No, because virtio_error() marks the device as broken. The device
requires a reset in order to function again. Fetching
vring_avail_idx() again won't help.

>
> >
> >> +    }
> >> +
> >> +    num_heads = vring_avail_idx(vq) - idx;
> >>
> >>      /* Check it isn't doing very strange things with descriptor numbers. */
> >>      if (num_heads > vq->vring.num) {
> >> --
> >> 2.40.1
> >>
> >>
>
Ilya Maximets Sept. 25, 2023, 3:36 p.m. UTC | #5
On 9/25/23 17:12, Stefan Hajnoczi wrote:
> On Mon, 25 Sept 2023 at 11:02, Ilya Maximets <i.maximets@ovn.org> wrote:
>>
>> On 9/25/23 16:23, Stefan Hajnoczi wrote:
>>> On Fri, 25 Aug 2023 at 13:04, Ilya Maximets <i.maximets@ovn.org> wrote:
>>>>
>>>> We do not need the most up to date number of heads, we only want to
>>>> know if there is at least one.
>>>>
>>>> Use shadow variable as long as it is not equal to the last available
>>>> index checked.  This avoids expensive qatomic dereference of the
>>>> RCU-protected memory region cache as well as the memory access itself
>>>> and the subsequent memory barrier.
>>>>
>>>> The change improves performance of the af-xdp network backend by 2-3%.
>>>>
>>>> Signed-off-by: Ilya Maximets <i.maximets@ovn.org>
>>>> ---
>>>>  hw/virtio/virtio.c | 10 +++++++++-
>>>>  1 file changed, 9 insertions(+), 1 deletion(-)
>>>>
>>>> diff --git a/hw/virtio/virtio.c b/hw/virtio/virtio.c
>>>> index 309038fd46..04bf7cc977 100644
>>>> --- a/hw/virtio/virtio.c
>>>> +++ b/hw/virtio/virtio.c
>>>> @@ -999,7 +999,15 @@ void virtqueue_push(VirtQueue *vq, const VirtQueueElement *elem,
>>>>  /* Called within rcu_read_lock().  */
>>>>  static int virtqueue_num_heads(VirtQueue *vq, unsigned int idx)
>>>>  {
>>>> -    uint16_t num_heads = vring_avail_idx(vq) - idx;
>>>> +    uint16_t num_heads;
>>>> +
>>>> +    if (vq->shadow_avail_idx != idx) {
>>>> +        num_heads = vq->shadow_avail_idx - idx;
>>>> +
>>>> +        return num_heads;
>>>
>>> This still needs to check num_heads > vq->vring.num and return -EINVAL
>>> as is done below.
>>
>> Hmm, yeas, you're right.  If the value was incorrect initially, the shadow
>> will be incorrect.  However, I think we should just not return here in this
>> case and let vring_avail_idx() to grab an actual new value below.  Otherwise
>> we may never break out of this error.
>>
>> Does that make sense?
> 
> No, because virtio_error() marks the device as broken.

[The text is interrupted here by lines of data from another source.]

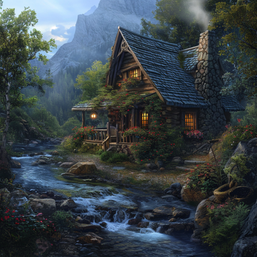 fantasy setting, small stream, picturesque log cabin, front porch with flower boxes, a thin ribbon of smoke coming from the chimney, near the woods, a mountain looming in the distance --style raw --v 6.0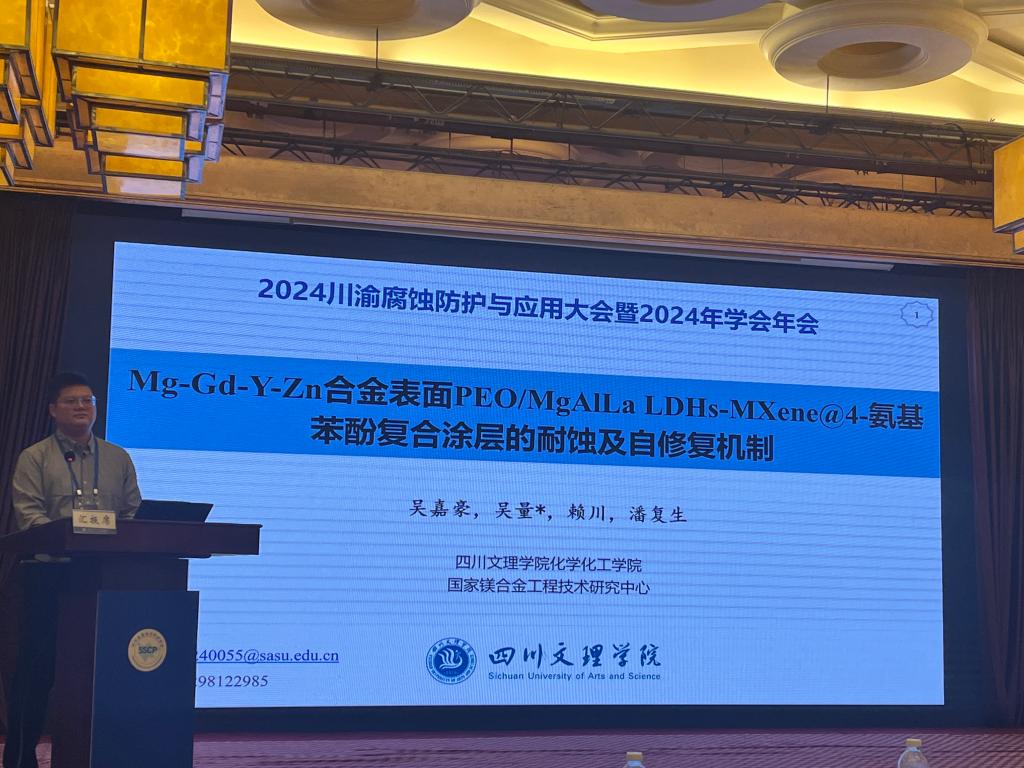 会议由四川省腐蚀与防护学会和重庆市腐蚀与防护学会主办,四川轻化工大学、中石油西南油气田分公司天然气研究院等8家单位联合承办。会议涉及腐蚀及控制技术的国内外最新进展、缓蚀剂、耐蚀材料、涂镀层、防锈技术、表面技术、电化学保护、工程防腐蚀、阴极保护、高温腐蚀与防护、海洋新材料及防护技术、医用材料腐蚀与防护、自然环境(大气/水/土壤)腐蚀、腐蚀防护相关技术标准化等方面内容,吸引了川渝地区120余名腐蚀防护领域的行业专家、高校师生、企事业单位领导及代表出席了会议,共计学术报告42场。其中,吴嘉豪博士代表英国·威廉希尔(WilliamHill)集团有限公司-官方网站在会议上做了题为“Mg-Gd-Y-Zn合金表面PEO/MgAlLa LDHs-MXene@4-氨基苯酚复合涂层的耐蚀及自修复机制”的报告,为高强高韧镁合金易腐蚀和表面涂层损坏而加速腐蚀的问题,提出了一种创新的解决方案,获得了与会同行的高度评价。吴嘉豪博士通过参与此次会议,对腐蚀与防护的前沿动态有了更深入的理解,并与来自其他高校和企业的专家学者进行了广泛交流,为吴博士的个人专业发展提供了重要的信息资源和思维启发,同时也将为威廉希尔(WilliamHill)功能材料专业的教育教学改革与创新发展,以及高素质应用型复合型人才的培养,提供有力的参考和支持。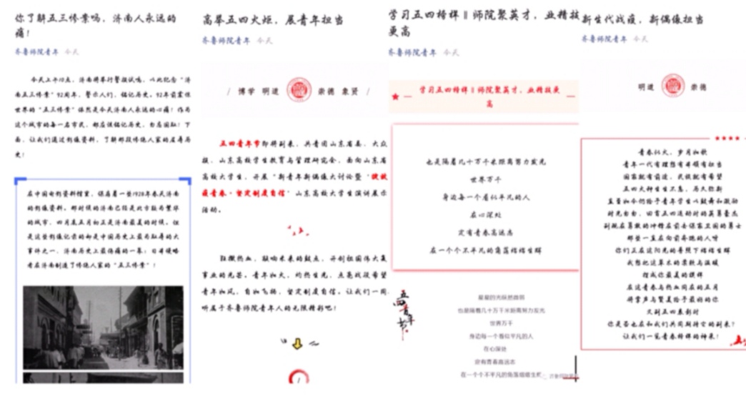 深度剖析偶像,青年有目标。4月19日,365官网开展了“新青年新偶像大讨论暨‘绽放战疫青春•坚定制度自信’英国正版365官方网站大学生演讲展示活动”,共征得各学院优秀演讲视频近30份。活动潜移默化地影响着青年人的偶像观、价值观、成才观,激励和引领青年进一步坚定制度自信,投身党和人民最需要的地方发热放光,推崇英雄、崇尚担当、向往奉献的正能量在青年人心底慢慢积聚成塔。此外,校团委借助官方微信、微博等媒体平台陆续推送了《你了解五三惨案吗?济南人永远的痛》、《新声代战疫,新偶像担当》、《学习五四榜样‖师院聚英才,业精技更高》、《高举五四火炬,展青年担当》等文章,旨在激励学校广大青年志以成学,业精于诚,以身边的偶像为榜样,扎实理论功底,提高专业素养,在真抓实干中磨炼实践本领。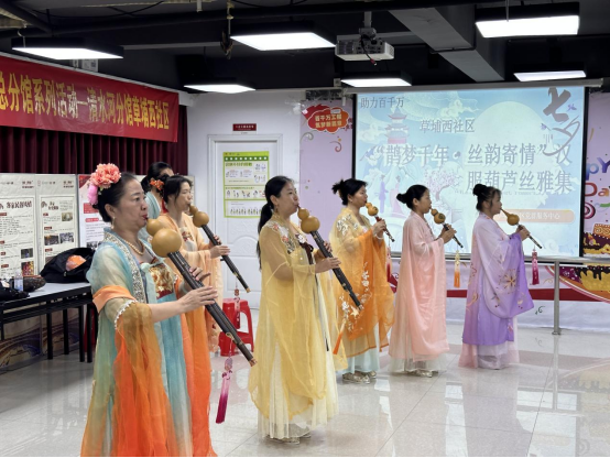 罗湖区清水河街道草埔西社区开展“鹊梦 千年 丝韵寄情”汉服葫芦丝雅集活动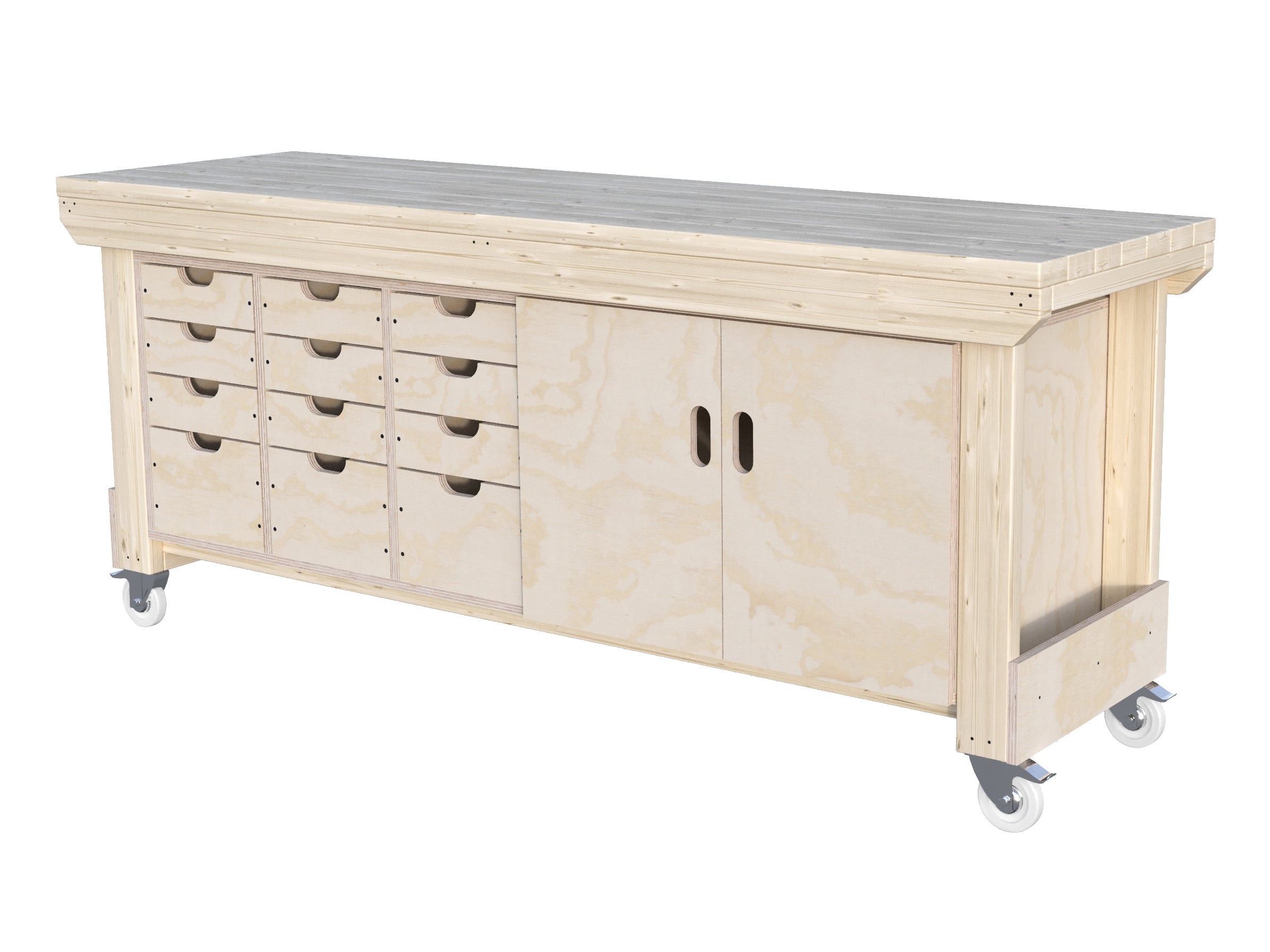 Upgrade your workspace with the Acorn Heavy-Duty Cabinet Workbench, designed for maximum durability, storage, and efficiency. Crafted from premium construction-grade CLS C16 kiln-dried timber, this heavy-duty workbench supports up to 950kg U.D.L, making it ideal for professional workshops, garages, and industrial settings. Featuring spacious drawers, a large cupboard, and an adjustable shelf, it keeps your tools and equipment organized and within reach. Available with optional heavy-duty swivel wheels, this versatile workbench offers both stability and mobility. Built to last and handcrafted in the UK – get yours today!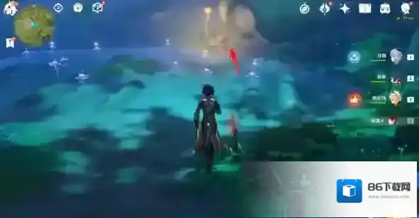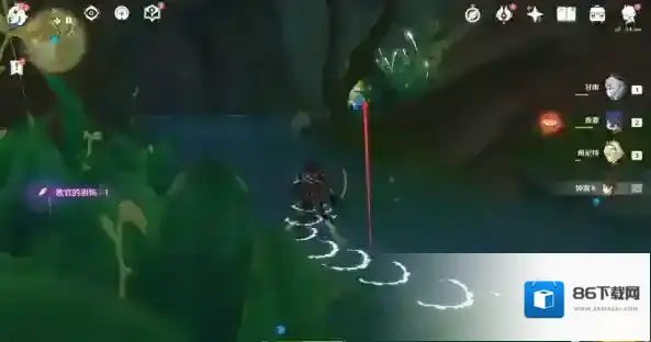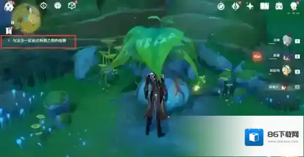 然后在傍边有个藤蔓石,如果没有升起来可以使用草元素打一下。下面有个幽闭花,我们过去演奏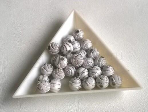 Pokovený barevný korálek se spirálkou bílý (AC281)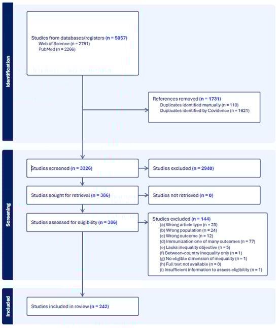 A total of 5057 potential studies were identified through the literature search, and 1731 duplicates were removed before screening. Titles and abstracts for 3326 studies were screened. Of these, 386 met the inclusion criteria for full-text evaluation. Finally, 242 studies underwent extraction. The full list of articles included is in Table S1.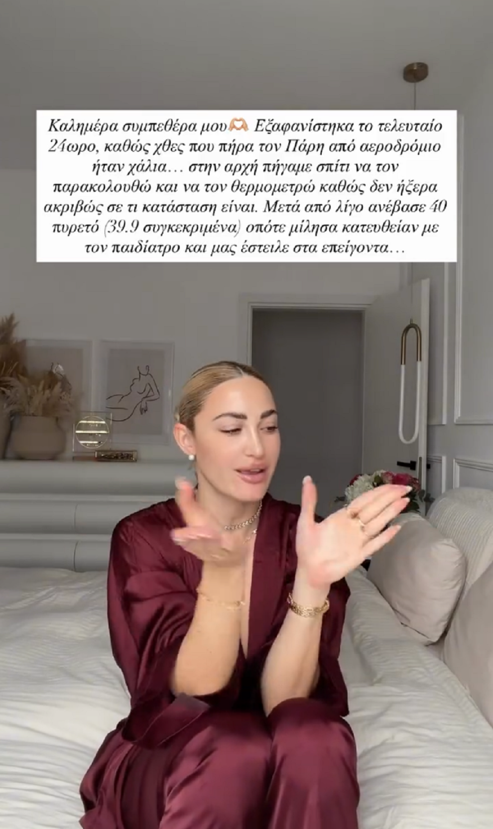 «Εξαφανίστηκα το τελευταίο 24ωρο καθώς χθες που πήρα τον Πάρη από το αεροδρόμιο ήταν χάλια… Στην αρχή πήγαμε σπίτι να τον παρακολουθώ και να τον θερμομετρώ καθώς δεν ήξερα ακριβώς σε τι κατάσταση είναι. Μετά από λίγο ανέβασε 40 πυρετό (39.9 συγκεκριμένα) οπότε μίλησα κατευθείαν με τον παιδίατρό μας και μας έστειλε στα επείγοντα…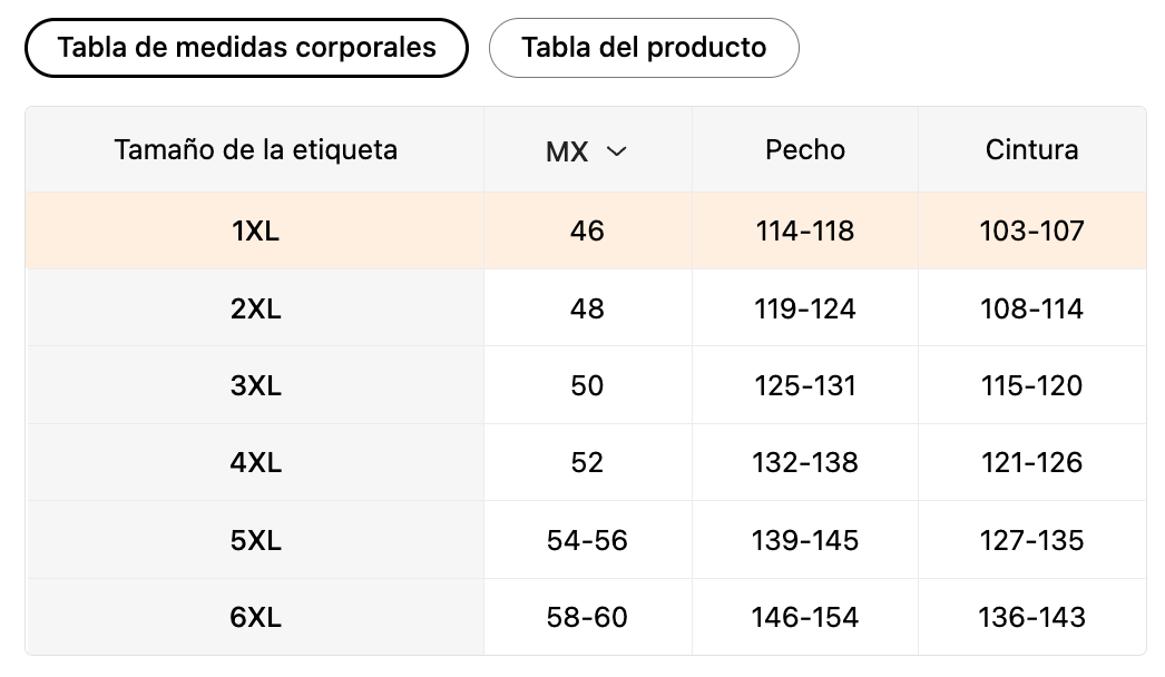 Tamaño de la etiqueta | MX | Pecho | Cintura |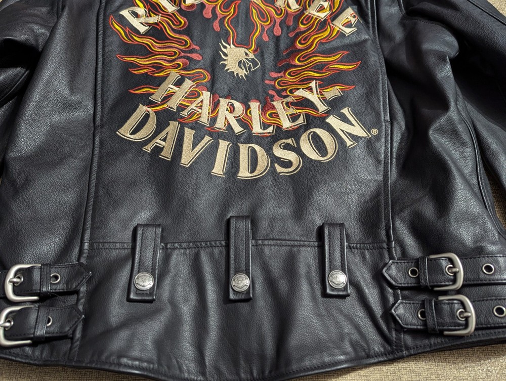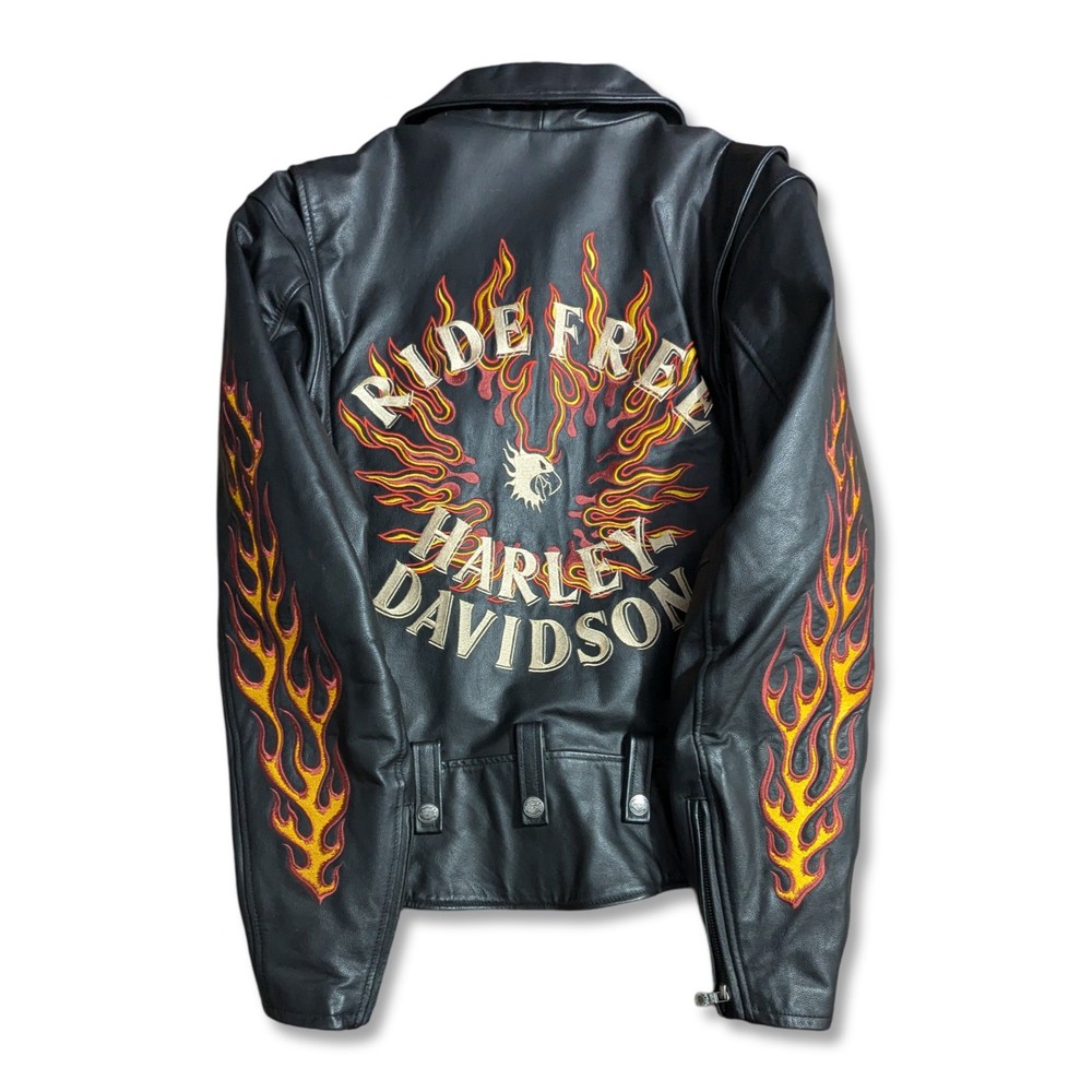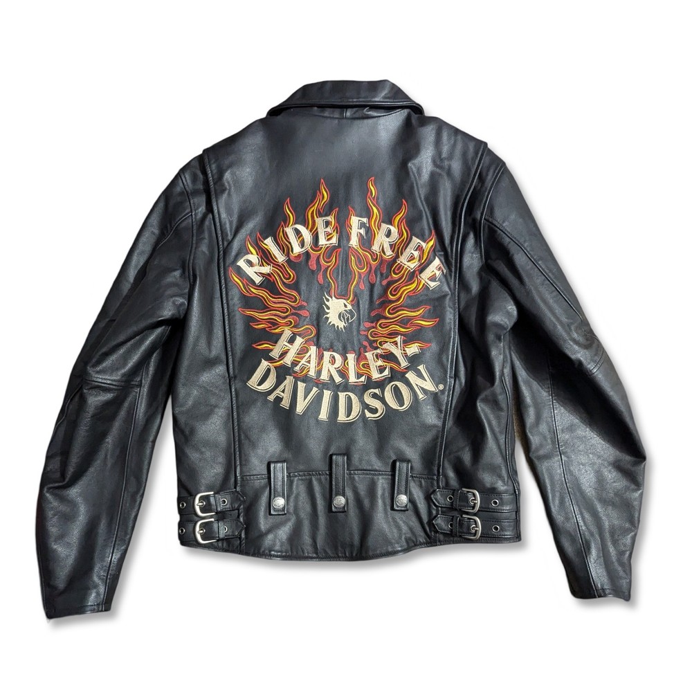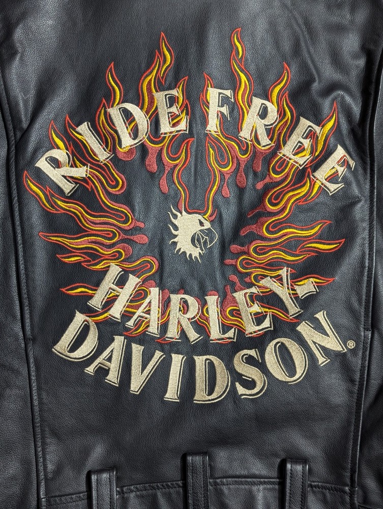 This jacket is extremely clean. It was reported to have been purchased new, and left in a closet for years basically. It is definitely in like new condition. Please refer to the photos regarding the overall condition. There may be a couple very minor dings in the leather, but nothing noticeable really, and while photographing the jacket, nothing worth picturing really. Armpit to armpit: 22" Collar to bottom: 26" I'm unsure as to the exact year of this jacket, but have researched it slightly and believe it may be from the 90s - Y2K era, please research the era yourself if this is important to you. Please reach out if you have ANY additional questions. Thanks for looking, I will ship out quickly!

The device
> requires a reset in order to function again. Fetching
> vring_avail_idx() again won't help.

OK, I see.  In this case we're talking about situation where
vring_avail_idx() was called in some other place and stored a bad value
in the shadow variable, then virtqueue_num_heads() got called.  Right?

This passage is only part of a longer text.